Write out exactly the lines from the line that contains "圖 1 新屋區後塘路 43 巷禁行路段道路損傷現況" through the final line of the listing below, and no others.
== Source data ==
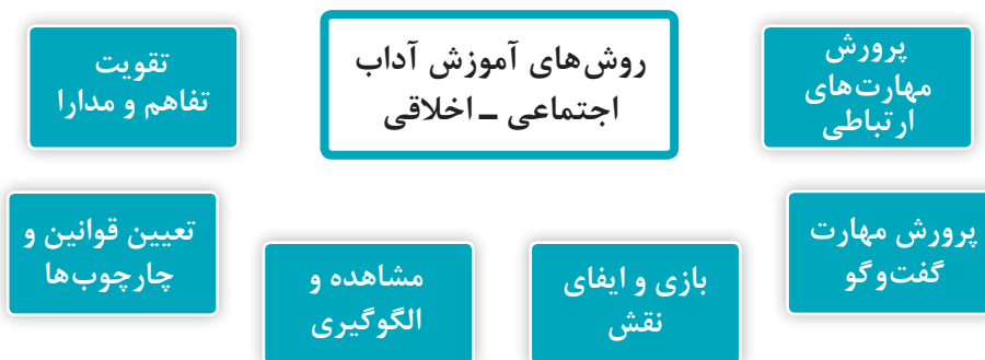
نمودار ۲- روش‌های آموزش آداب اجتماعی - اخلاقی

برای پرورش آگاهی‌های کودک از فرهنگ جامعه و تقویت آداب اجتماعی - اخلاقی، روش‌هایی را می‌توان پیشنهاد کرد که در ادامه به چند روش اشاره می‌شود (نمودار ۲).
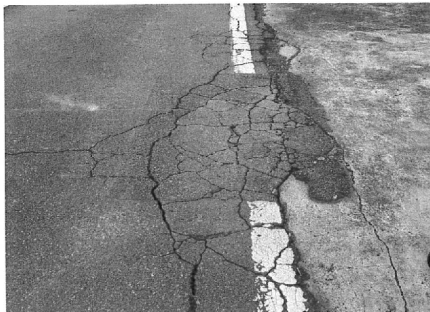
圖 1 新屋區後塘路 43 巷禁行路段道路損傷現況

經現場會勘與會人員討論，新屋區後湖里三民路一段 632 巷及後塘路 43 巷現非大貨車管制通行路段，惟考量該巷道內無工廠非必要經過路段，尚有部分大型車輛行駛上述路段致嚴重壓壞道路(參照圖 1)，影響當地居民出入安全，爰決議將該路段增設為大貨車管制通行路段，禁止 20 噸以上（包含 20 噸）大貨車通行，大貨車禁行路段請參照圖 2。
===
- Response for this exercise -
圖 1 新屋區後塘路 43 巷禁行路段道路損傷現況

經現場會勘與會人員討論，新屋區後湖里三民路一段 632 巷及後塘路 43 巷現非大貨車管制通行路段，惟考量該巷道內無工廠非必要經過路段，尚有部分大型車輛行駛上述路段致嚴重壓壞道路(參照圖 1)，影響當地居民出入安全，爰決議將該路段增設為大貨車管制通行路段，禁止 20 噸以上（包含 20 噸）大貨車通行，大貨車禁行路段請參照圖 2。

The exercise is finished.